How to Scan Files in DigitalOcean Spaces for Malware
DigitalOcean Spaces gives you a lot out of the box — S3-compatible object storage, a built-in CDN with 274+ edge locations, and straightforward pricing starting at $5/month. It's a great fit for applications that handle user uploads.
One thing Spaces doesn't include is malware scanning. If your application accepts files from users, you'll need to add that yourself — but the S3 compatibility makes it easy. Spaces works with the same AWS SDKs that DigitalOcean recommends, so presigned URLs and the scanning integration work out of the box. You can scan any file in Spaces with a single API call, and set up async scanning with callbacks for production.
Scanning with a Presigned URL
Generate a presigned URL for the object in Spaces and pass it to AttachmentScanner. The scanning engines fetch the file directly — your application never has to download it.
Spaces is S3-compatible, so you use the same @aws-sdk/client-s3 package
that DigitalOcean recommends — just point it at your
Spaces region:
import { S3Client, GetObjectCommand } from "@aws-sdk/client-s3";
import { getSignedUrl } from "@aws-sdk/s3-request-presigner";
// Point the S3 client at your Spaces region
const s3 = new S3Client({
region: "nyc3",
endpoint: "https://nyc3.digitaloceanspaces.com",
credentials: {
accessKeyId: DO_SPACES_KEY,
secretAccessKey: DO_SPACES_SECRET,
},
});
// Generate a presigned URL (valid for 15 minutes)

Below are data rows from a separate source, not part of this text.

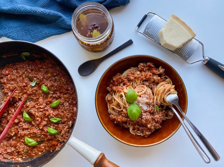 Spaghetti bolognese med et spicy kick av habanero chili og chili.
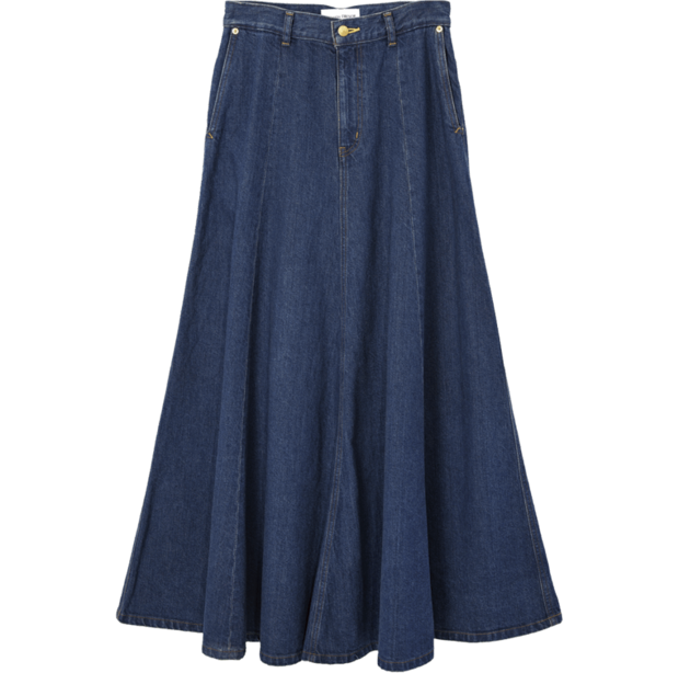 「なかなかないマキシ丈にキュン♡ 久しぶりにデニムスカート気分じゃないですか? これはマキシ丈で、ちょっとズルッとはきたいなって。足元は秋はまだビーサンでもいいですよね」
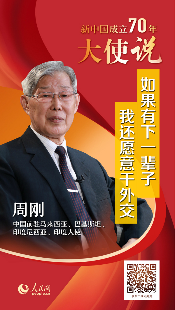 從1962年進入外交部到2001年卸任中國駐印度大使,在40年的外交生涯中,周剛曾出任中國駐馬來西亞、巴基斯坦、印度尼西亞、印度大使,將自己的青春和心血全部奉獻給了新中國的外交事業(yè)。在新中國成立70周年之際,周剛向人民網(wǎng)講述了他酸甜苦辣的外交人生。

const presignedUrl = await getSignedUrl(
s3,
new GetObjectCommand({ Bucket: "my-space", Key: "uploads/document.pdf" }),
{ expiresIn: 900 }
);
// Scan the file
const response = await fetch(`https://${API_URL}/v1.0/scans`, {
method: "POST",
headers: {
"Authorization": `Bearer ${API_TOKEN}`,
"Content-Type": "application/json",
},
body: JSON.stringify({ url: presignedUrl }),
});
const result = await response.json();
if (result.status === "found") {
console.log("Malware detected:", result.matches);
// Delete or quarantine the object
}
The S3 compatibility means the same SDK, the same presigned URL flow, and the same scanning integration works across Spaces and S3. If you're using both, the only difference is the endpoint.
Going Async: The Recommended Approach
The example above blocks while the scan runs. For production, use async scanning with callbacks so your application isn't waiting on scan results.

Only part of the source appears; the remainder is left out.